An example of gene regulation through end product repression is tryptophan synthesis E. coli-Bacteria. The structural genes of the tryptophan operon code for enzymes that are necessary for the synthesis of the amino acid tryptophan. The more tryptophan is produced, the more the synthesis of these enzymes is suppressed, because tryptophan itself first activates the repressor.

Figure 3: Example of end product repression Source: wikipedia.de.

The end product of the reactions, tryptophan, thus suppresses the synthesis of the enzymes needed to make it. In principle, structural, regulatory and operator genes have the same function in end product repression as in substrate induction. The difference is that the repressor is initially inactive.

It is only activated when it is combined with tryptophan and can attach itself to the operator. It inhibits the transcription of structural genes. If the concentration of tryptophan in the cell falls, the repressor and tryptophan separate and transcription can take place again.

Gene regulation in eukaryotes

In eukaryotes, gene regulation can occur at different levels and in many ways. Gene regulation serves in particular to control the development of a cell. For this it is important that the right proteins are produced at the right time, which are needed for development.

First, genes can transcription of the complementary RNA strand to the codogenic DNA strand. Affect at this stage of protein biosynthesis transcription factors the transcription of genes. More precisely, it is about enhancers and silencer. While enhancers increase the rate of transcription, silencers reduce the transcription of the gene.

After transcription can be done at the level of processing gene regulation also takes place in the RNA. With alternative splicing, attention can again be paid to which proteins are currently needed in the cell. This is because most human genes can be translated into more than one gene product in the subsequent translation.

In alternative splicing, the non-coding areas are cut out so that the coding areas are cut together. It is also possible to cut out sequences of the DNA that code for a protein that is not required.

You no longer know how splicing works? No problem, you can find an article about processing and splicing here.

At the level of translation, genes can be re-regulated. For example, more or fewer strands of mRNA can be formed, affecting protein biosynthesis. Because the more mRNA strands are present and the longer their lifespan, the more proteins can be produced, conversely.
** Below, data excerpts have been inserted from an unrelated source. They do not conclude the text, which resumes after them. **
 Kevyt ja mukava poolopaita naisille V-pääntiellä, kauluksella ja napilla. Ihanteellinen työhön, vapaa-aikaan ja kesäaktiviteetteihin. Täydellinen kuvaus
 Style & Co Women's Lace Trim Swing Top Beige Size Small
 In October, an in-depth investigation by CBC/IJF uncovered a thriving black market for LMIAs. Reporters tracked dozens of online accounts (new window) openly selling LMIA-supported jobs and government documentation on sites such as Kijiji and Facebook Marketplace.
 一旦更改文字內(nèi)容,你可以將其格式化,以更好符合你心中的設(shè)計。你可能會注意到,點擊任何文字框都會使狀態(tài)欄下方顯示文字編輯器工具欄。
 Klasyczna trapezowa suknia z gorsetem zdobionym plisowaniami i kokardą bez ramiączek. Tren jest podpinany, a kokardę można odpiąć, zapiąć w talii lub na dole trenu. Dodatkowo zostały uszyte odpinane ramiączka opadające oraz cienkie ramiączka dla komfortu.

In addition, proteins bound to the ribosomes can block the translation of a strand of mRNA, thus preventing the synthesis of the amino acid sequence. In this case, the initiation site of the ribosomal subunit is blocked.
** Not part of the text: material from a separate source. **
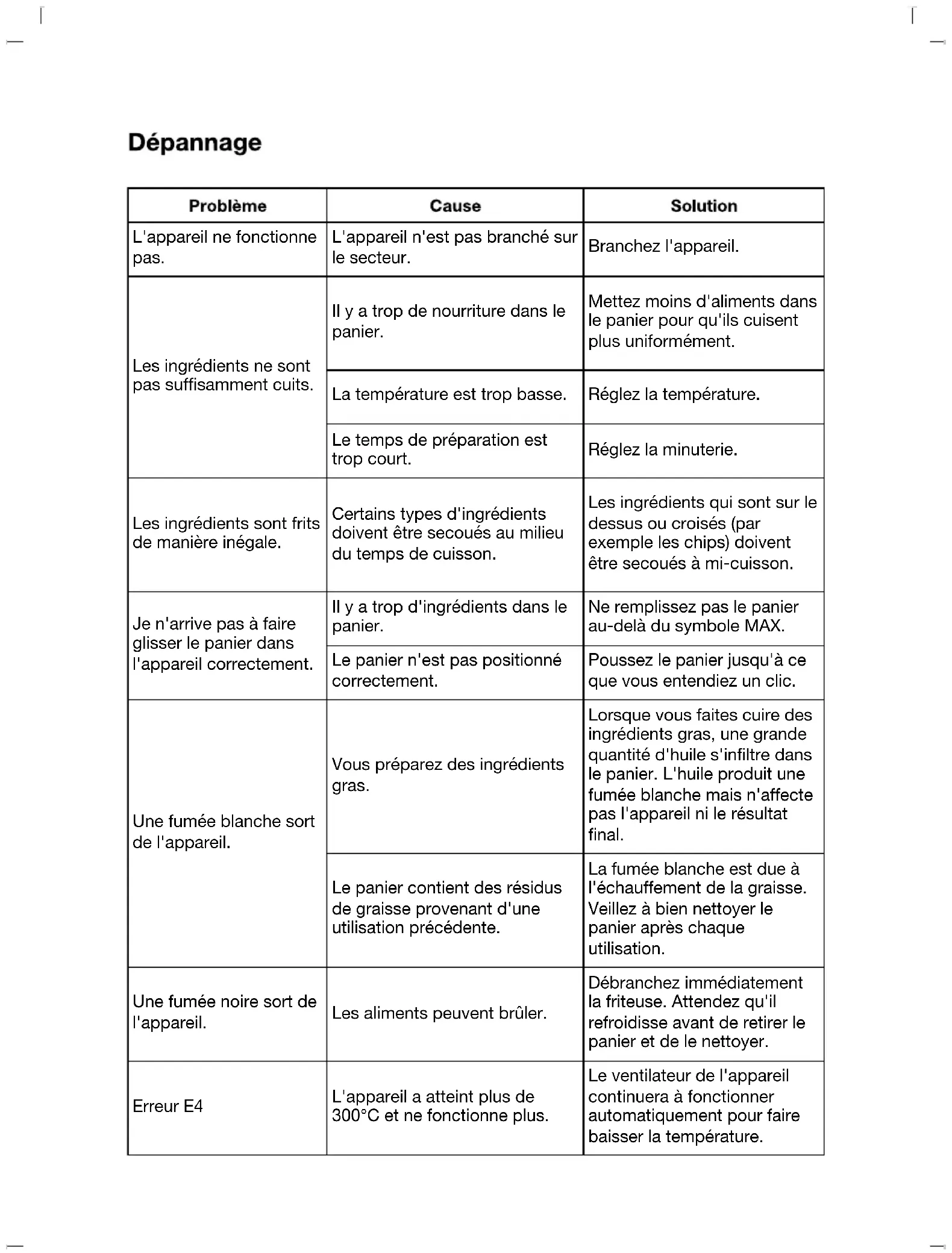NOTA: Adicionar 3 minutos a todos os menus se o aparelho estiver frio no início da cozedura. Não armazenar a fritadeira quando está quente ou húmida. O cesto e o suporte interior são laváveis na máquina de lavar louça.O aparelho não funciona. O aparelho não está ligado à rede eléctrica. Ligar o aparelho. Os ingredientes não são suficientemente cozinhados. Há demasiada comida no cesto. Colocar menos comida no cesto para que cozinhe de forma mais uniforme. A temperatura é demasiado baixa. Ajustar a temperatura. O tempo de preparação é demasiado curto. Definir o temporizador. Os ingredientes são fritos de forma desigual. Certos tipos de ingredientes precisam de ser abanados a meio do tempo de cozedura. Os ingredientes que estão por cima ou cruzados (por exemplo, batatas fritas) devem ser abanados a meio do tempo de cozedura. Não consigo deslizar o cesto para dentro do aparelho correctamente. Há demasiados ingredientes no cesto. Não encher o cesto por cima do símbolo MAX. O cesto não está posicionado correctamente. Empurrar o cesto até ouvir um clique. O fumo branco sai do aparelho. Está a preparar ingredientes gordos. Ao cozinhar ingredientes gordos, uma grande quantidade de óleo irá infiltrar-se no cesto. O óleo produz fumo branco mas não afecta o aparelho nem o resultado final. O cesto contém resíduos de gorduras de utilização anterior. O fumo branco é devido ao aquecimento da gordura. Certifique-se de limpar bem o cesto após cada utilização. O fumo negro sai do aparelho. Os alimentos podem estar a arder. Desligar imediatamente a fritadeira da tomada. Esperar até arrefecer antes de remover o cesto e limpar. Erro E4 O aparelho atingiu mais de 300°C e deixou de funcionar. O ventilador do aparelho continuará a funcionar automaticamente para baixar a temperatura.-

Even after protein biosynthesis, gene regulation can still take place by activating or deactivating enzyme proteins. For example, some enzymes need to be allosterically activated before they can do their job in the cell.
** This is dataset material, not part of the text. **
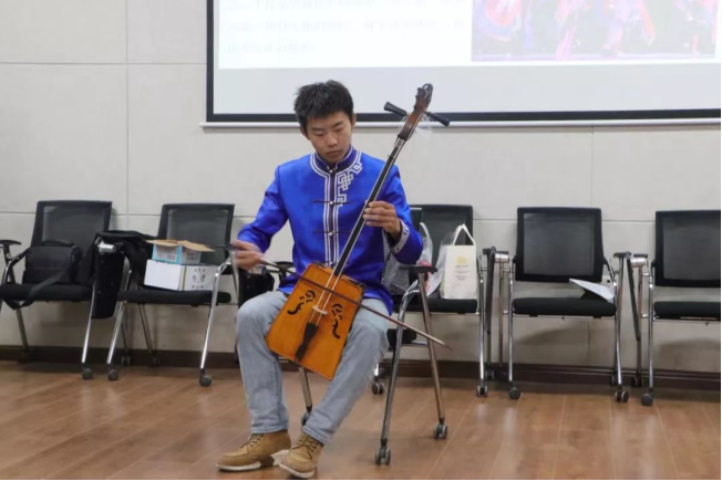 少数民族同学们能歌善舞。蒙古族的同学为我们带来了马头琴表演《嘎达梅林》,表达了对蒙古族传统英雄的崇敬。琴声悠扬,仿佛使人置身草原。

Would you like to learn more about enzymes? Then also have a look at the article on enzymes and enzyme activity!

Gene regulation – the most important thing

  • Gene regulation describes the control of the activity of enzymes and is also understood under the synonym gene expression.
  • Gene regulation occurs because not all enzymes are needed at all times.
  • Gene regulation in eukaryotes and prokaryotes differ. While in prokaryotes gene regulation can only take place before transcription, in eukaryotes gene regulation can take place during transcription, translation or even after the synthesis of a protein.
  • In prokaryotes, gene regulation takes place according to the operon model, with promoter, operator and structural genes being understood as “operons” and a repressor gene preceding the operon.
  • The transcription rate of an enzyme can be affected either by substrate induction/positive gene regulation or by end product repression/negative.